Le droit suisse correspond largement aux termes de la convention, sauf pour la rémunération des pauses pour les femmes qui allaitent. La question n'est pas réglée de manière exhaustive dans le droit du travail et il n'y a pas de jurisprudence du Tribunal fédéral permettant de trancher la question.

L'UDC a proposé de refuser d'entrer en matière. La pratique de l'allaitement durant le travail s'est développée dans le pays de manière autonome et s'est alignée sur les conventions internationales. Il n'y a donc pas besoin de modifier notre droit, a plaidé en vain Toni Bortoluzzi (UDC/ZH).

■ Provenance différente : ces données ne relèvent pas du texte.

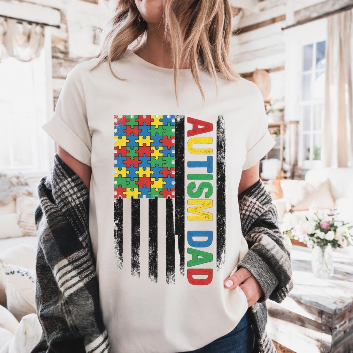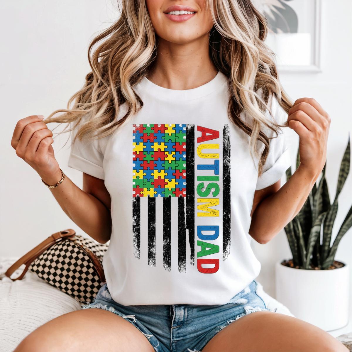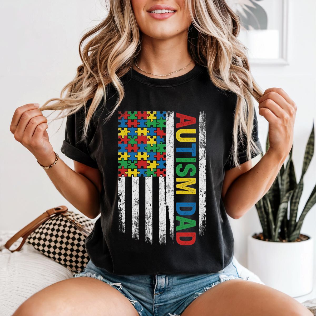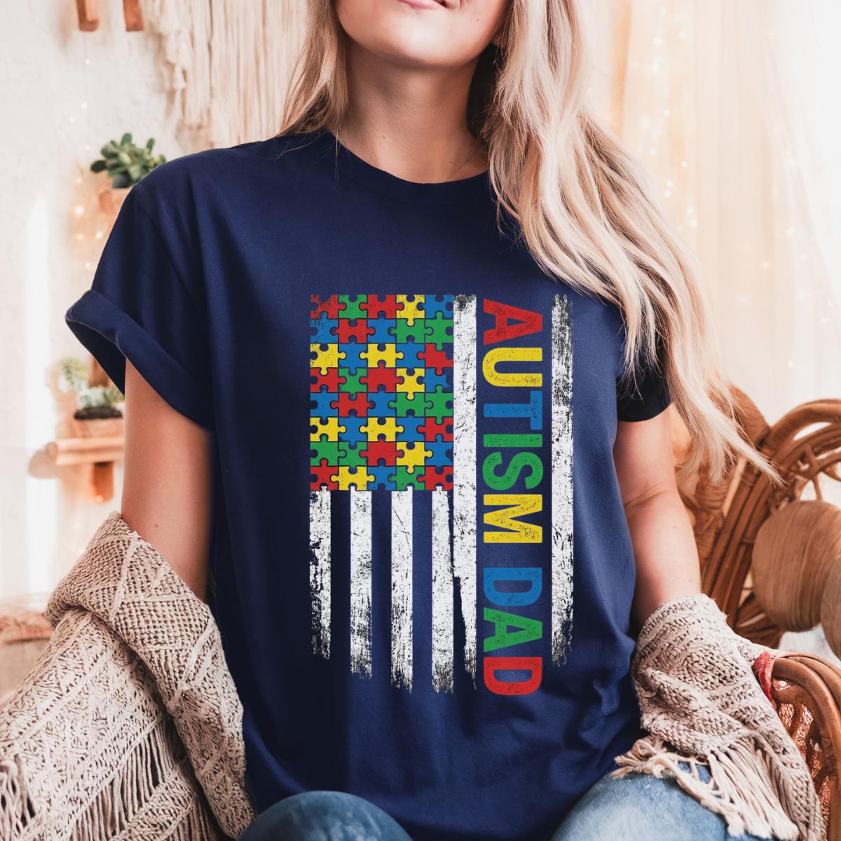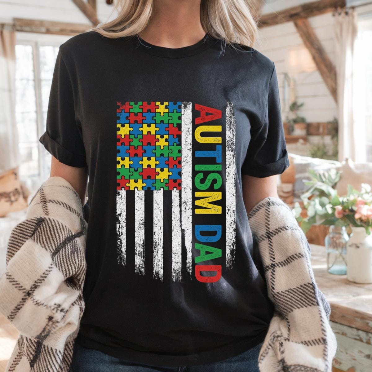 Autism Dad Father Autism Awareness Puzzle Pieces USA Flag T-Shirt, Autism Dad Gift, Autism Awareness Graphic Tee

Seuls 22 des 183 pays membres de l'OIT l'ont ratifiée et son contenu n'est pas clair, a ajouté le Zurichois. Ultime argument auquel la majorité n'a pas été sensible: les employeurs, en Suisse, sont contre la ratification.

Ordonnance à modifier

L'ordonnance sur le travail devrait donc être modifiée pour garantir le paiement des pauses d'allaitement. La commission de la sécurité sociale du National voulait d'abord modifier la loi sur le travail, mais le Conseil fédéral a estimé que c'était superflu et la commission et le plénum se sont ralliés à cet avis.

Le Conseil fédéral compte déposer l'instrument de ratification de la convention dès que l'ordonnance aura été adaptée. Il espère que les travaux nécessaires auront abouti d'ici la mi-2013. Le Conseil des Etats doit encore se prononcer sur ce projet issu d'une initiative parlementaire de Liliane Maury Pasquier (PS/GE).